A third option is a hybrid of the ceramic and sand designs. This approach utilizes porous ceramic particles blended with silver, zinc and copper, and deploys them in a layered configuration similar to slow sand filtration solutions. The filter is delivered in a barrel-shaped device with a strainer that filters out large debris, a ceramic/metal layer that neutralizes harmful microorganisms through an ion exchange process made possible by the unique properties of the clay itself and a built-in storage chamber for up to 18 liters of clean water.

Advantages consist of validated effectiveness in bacteria, protozoa and virus disinfection including industry-first compliance with WHO’s new household water treatment specifications, ion-based residual disinfection that keeps filtered water safe, minimal maintenance and a 10-year lifespan with no added costs for post-filtering chemical treatment or filtration media replacement, keeping costs low over the life of the filter. Downsides include a higher initial cost compared to other products and difficulty in outsourcing fabrication to developing world factories because the unique filtration materials are not locally available.

 

Implementation challenges

While household water treatment technologies for developing countries are not new, adoption still falls woefully short of need. According to the CDC, over two million people in 28 developing countries now use solar disinfection for daily drinking water treatment; however, that pales in comparison to the 900 million people who lack access to safe drinking water. Likewise, Potters for Peace has distributed over 200,000 ceramic filters in Cambodia and many more in other countries, but this only scratches the surface of a public health problem killing the equivalent of the entire population of Houston every year.

One stumbling block is the need to work through disparate non-retail channels to reach communities in need. Partnerships must be created with different nongovernmental agencies (NGOs) and multiple local organizations in each country. Finding willing partners is difficult, as is developing sustainable financial models for projects requiring donor funding and subsidies.

Therefore, distribution strategies vary widely. In the case of chlorination, implementations range from a faith-based group in northern Haiti making and bottling its own hypochlorite solution to a large-scale program in which NGO Population Services International both promotes and distributes its own product on a country-by-country basis through local channels such as community health workers and private pharmacies.

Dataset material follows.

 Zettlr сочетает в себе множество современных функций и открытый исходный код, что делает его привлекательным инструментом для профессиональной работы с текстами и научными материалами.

In the case of ceramic filters, Potters for Peace helps local communities set up filter-making factories that in turn sell their products to NGOs. Each solution and supplier must forge its own path.

Equally challenging is the need to select the most appropriate treatment method for a community’s specific circumstances. Variables such as existing water and sanitation conditions, water quality, cultural acceptability, implementation feasibility and availability of a supply chain for refills or replacement parts will affect the decision. In addition, any implementation must include an education component to teach the use of each technology as well as proper sanitation, food and water handling.

Nevertheless, household water treatment holds the potential to save millions of lives. Until universal access to piped treated water is available, if ever, these decentralized technologies and the small-scale humanitarian models required to deploy them are the best hope for reducing the disease and death toll related to dirty water. Creative solutions, entrepreneurship and new business models will be needed to remove distribution obstacles, provide government funding or microfinancing and bring relief to millions of people who put their lives in danger simply by taking a drink.